A period of success in the late 1960s was followed by the closure of the docks and an increased sense of inner-city alienation. The hand grenade chucked on to the pitch from the away end at Griffin Park may have been a harmless replica, but for two decades the Den attracted some genuinely frightening people. A huge amount of work has gone into tackling racism in the ground. But this was for many years a place where something curdled and scabbed did occasionally erupt into view. Football cannot solve these problems. It does at least try.

This is all a part of the current story. New Bermondsey. We get the idea. Time to flush out and rebrand. Revenue streams must be wrung, the light let in. The developers’ plan is, quite literally, to “clad” the Den, to make it look new from the outside, the architectural equivalent of slapping a new hat on grandma’s head and wheeling her off into the corner because the posh in-laws are coming round.

And yet, industry loyalties aside, there are some serious problems with what Lewisham and its developer are proposing to do.
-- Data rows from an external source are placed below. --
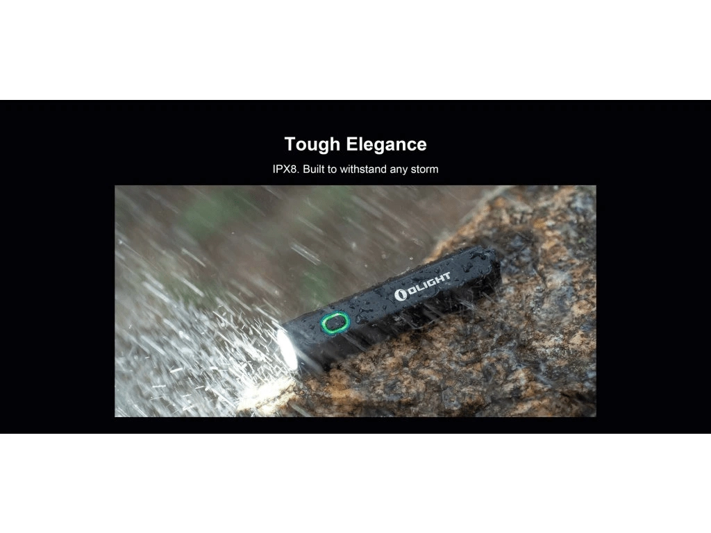 Petkotno ohišje iz aluminijeve zlitine odlično sede v roko in prenese zahtevne razmere zahvaljujoč visoki vodoodpornosti IPX8.
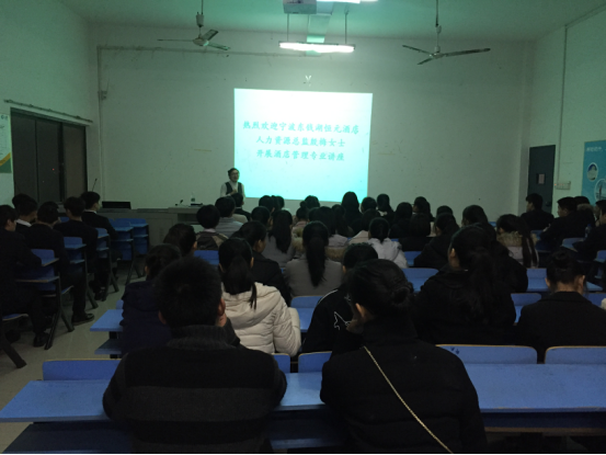 (旅游商务系 罗志珍 报道)2016年11月24日晚上19:00—20:30,旅游商务系餐旅教研室邀请宁波东钱湖恒元酒店行政人力资源总监殷梅来校开展“我的十三年”专题讲座,15级酒店管理(英语实验)班和15级中专高星级饭店运营与管理班70余名学生到场聆听讲座。
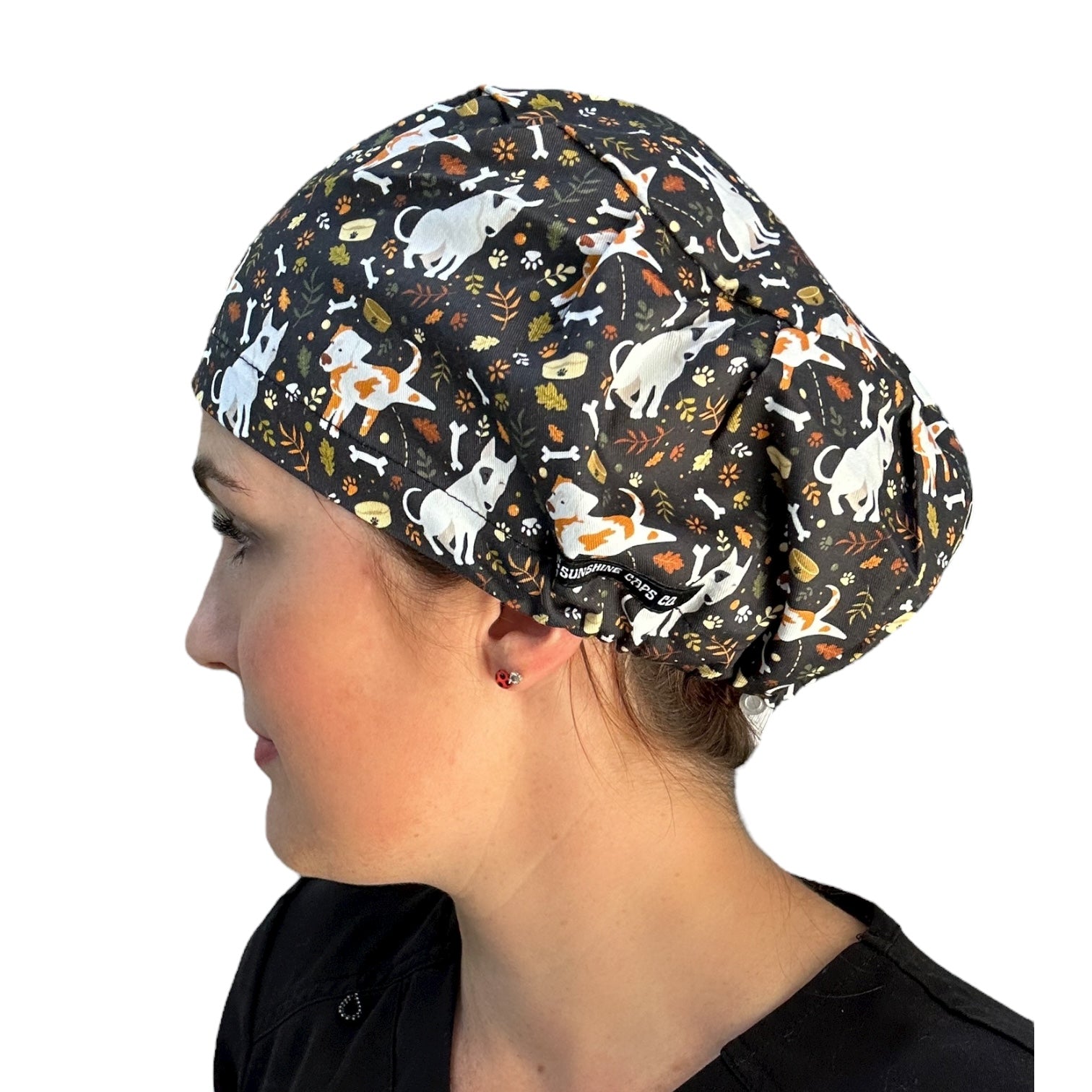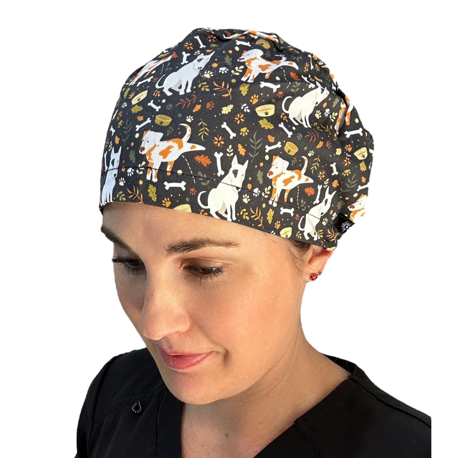 Celebrate fall and your love for furry friends with our Dog Days of Fall Euro Scrub Cap! Featuring playful pups, bones, and autumn leaves, this print is both fun and festive — a cheerful way to bring personality to your workday.

For a start, the plans to create a “new community” overlook the fact Bermondsey already has a community, one that has been flourishing, quietly, with help from Millwall themselves.

This is not simply a local leisure service provider. Football clubs do not relocate when times are thin (unless they are MK Dons). They stick it out and engage. London’s hunger for space may have finally touched the Den. But the club believes it has the right not to be edged out, but to play a role in the regeneration of the area. Instead it finds itself ushered to one side by a local authority that has little historic interest in sport of any kind, whose boundaries end a tantalising 500 metres west, and whose inhabitants have often been supported by the club’s own community initiatives.

Three years ago Millwall sent their players out to join the (successful) campaign to save Lewisham hospital A&E department, a triumph that offered plenty of political capital to the same officials now selling their land from under their feet. The Millwall Community Trust has also been out there going above and beyond, offering education and opportunities, helping young offenders and kids with learning difficulties. By way of thanks the Trust will now be evicted when the compulsory purchase order goes through. Lewisham council has a motto: Salus Populi Suprema Lex, or “The welfare of the people is the highest law”. Words, huh.

Millwall have offered to put forward their own regeneration scheme with the club at its heart. Instead Lewisham chose to partner with a developer whose ultimate parents are offshore companies owned by mysterious entities including a family trust. There is no evidence Renewal has ever carried out a major development project. It has no interests in the area.

What the council’s decision seems to say is that there are communities and then there are communities. A rising tide lifts all boats and Bermondsey is on the up. Just two miles from the Den they are still trying to sell the £50m penthouses of the glass and steel sky city, floors 53-65 of the Shard. Canary Wharf is just over the river, clearing house for transient global billions. The Rotherhithe peninsula sits crunched between the two. Welcome, then, New Bermondsey, heir to Biscuit town, Target Area G, and plain old Bermondsey. Let them come. Like Bill Voisey, Millwall will walk out of this bloodied but still alive, close-up witnesses to another digging down into the question of what value can be placed on unmonetised community, the ties that have bound an area like SE16; and beyond that the continuing, largely incidental question of what football clubs are really for these days.